▸ DIRECTIONS FOR THIS TASK
Retype the listing exactly, with no images.

▸ GIVEN MATERIAL
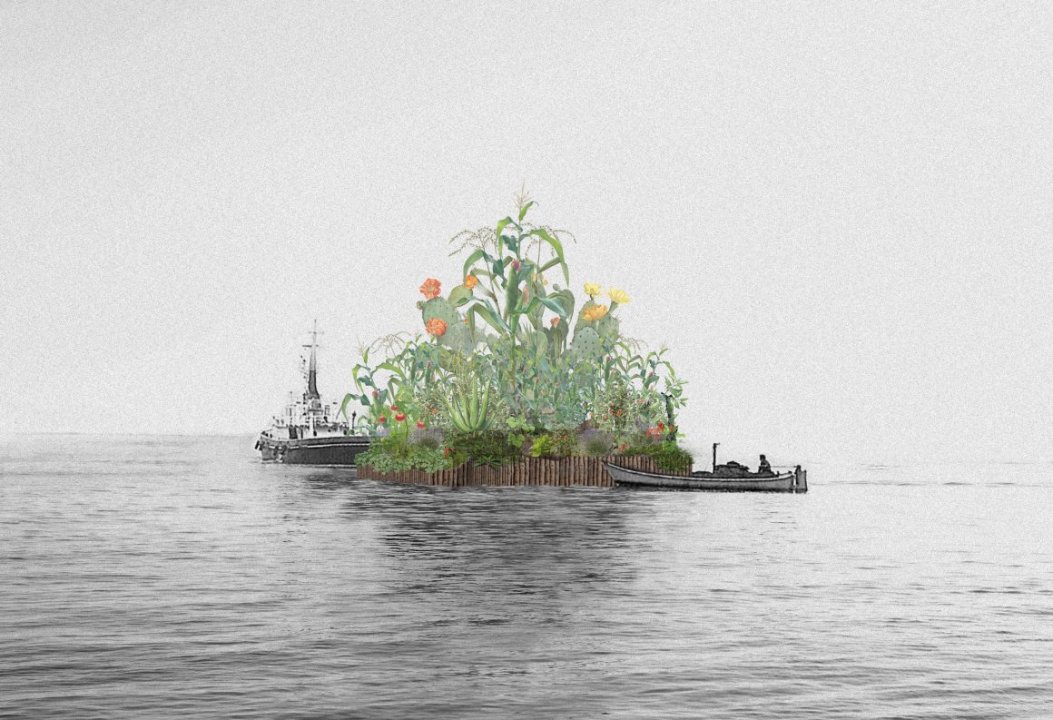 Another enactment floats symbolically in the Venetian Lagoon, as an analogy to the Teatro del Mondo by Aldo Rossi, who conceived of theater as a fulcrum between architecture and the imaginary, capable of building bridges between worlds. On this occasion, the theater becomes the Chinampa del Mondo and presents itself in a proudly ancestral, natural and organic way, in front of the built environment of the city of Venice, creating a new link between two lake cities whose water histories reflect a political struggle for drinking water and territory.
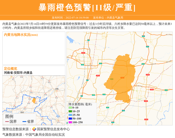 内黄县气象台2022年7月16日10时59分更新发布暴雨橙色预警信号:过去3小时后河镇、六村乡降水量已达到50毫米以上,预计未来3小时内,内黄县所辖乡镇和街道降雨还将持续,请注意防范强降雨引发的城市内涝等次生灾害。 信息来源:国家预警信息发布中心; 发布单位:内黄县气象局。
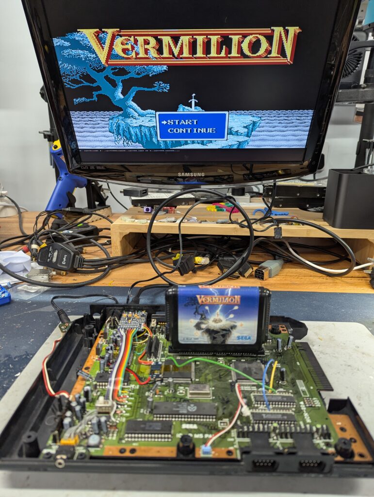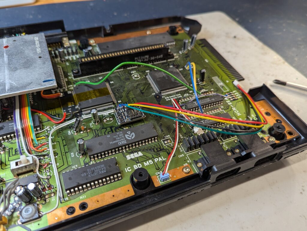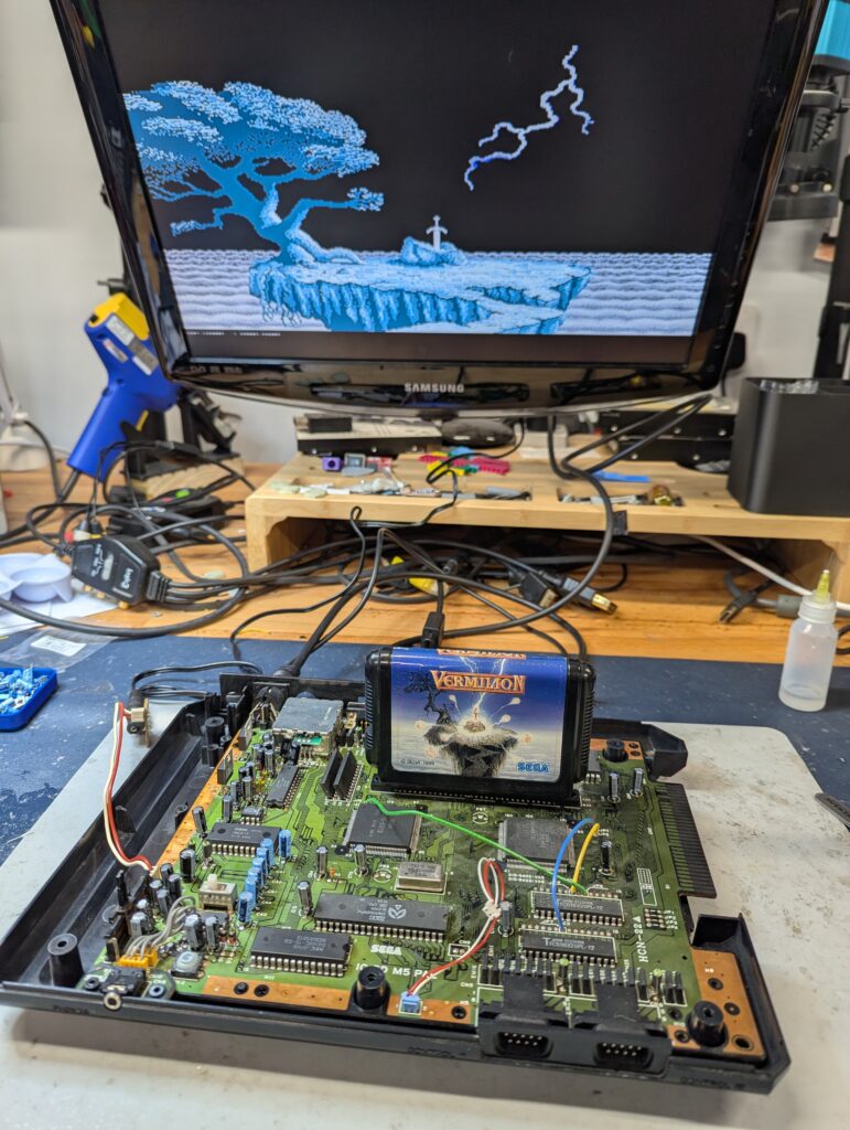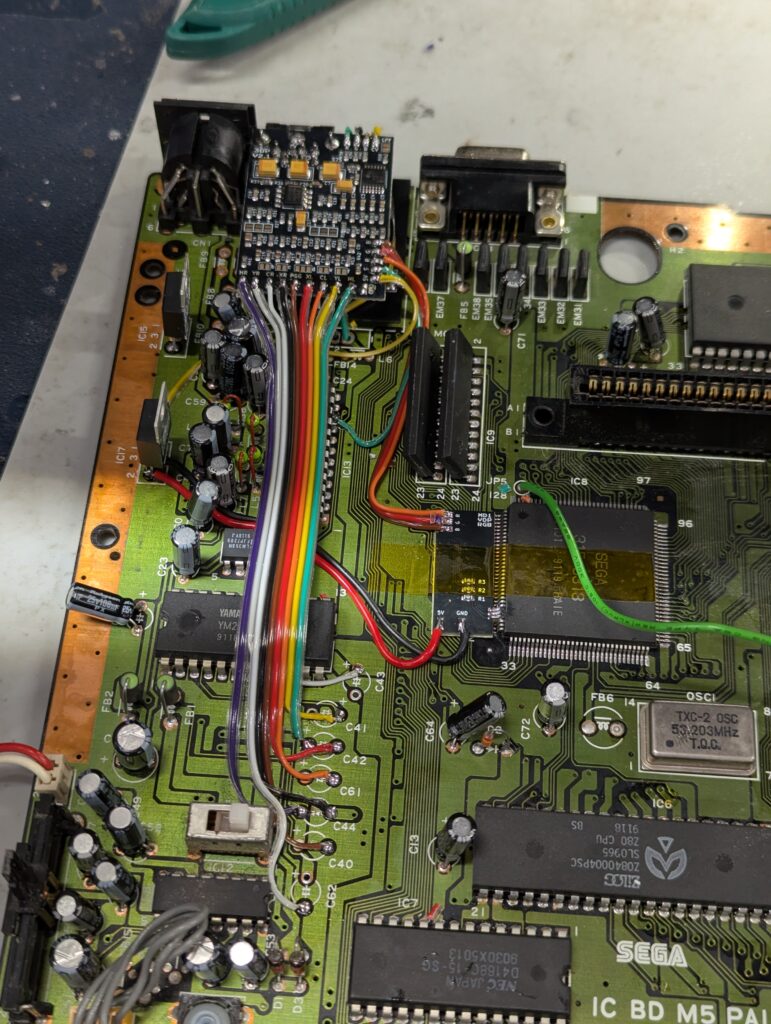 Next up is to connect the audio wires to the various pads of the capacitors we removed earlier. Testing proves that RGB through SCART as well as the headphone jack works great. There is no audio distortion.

▸ WRITTEN ANSWER
 Another enactment floats symbolically in the Venetian Lagoon, as an analogy to the Teatro del Mondo by Aldo Rossi, who conceived of theater as a fulcrum between architecture and the imaginary, capable of building bridges between worlds. On this occasion, the theater becomes the Chinampa del Mondo and presents itself in a proudly ancestral, natural and organic way, in front of the built environment of the city of Venice, creating a new link between two lake cities whose water histories reflect a political struggle for drinking water and territory.
 内黄县气象台2022年7月16日10时59分更新发布暴雨橙色预警信号:过去3小时后河镇、六村乡降水量已达到50毫米以上,预计未来3小时内,内黄县所辖乡镇和街道降雨还将持续,请注意防范强降雨引发的城市内涝等次生灾害。 信息来源:国家预警信息发布中心; 发布单位:内黄县气象局。
 Next up is to connect the audio wires to the various pads of the capacitors we removed earlier. Testing proves that RGB through SCART as well as the headphone jack works great. There is no audio distortion.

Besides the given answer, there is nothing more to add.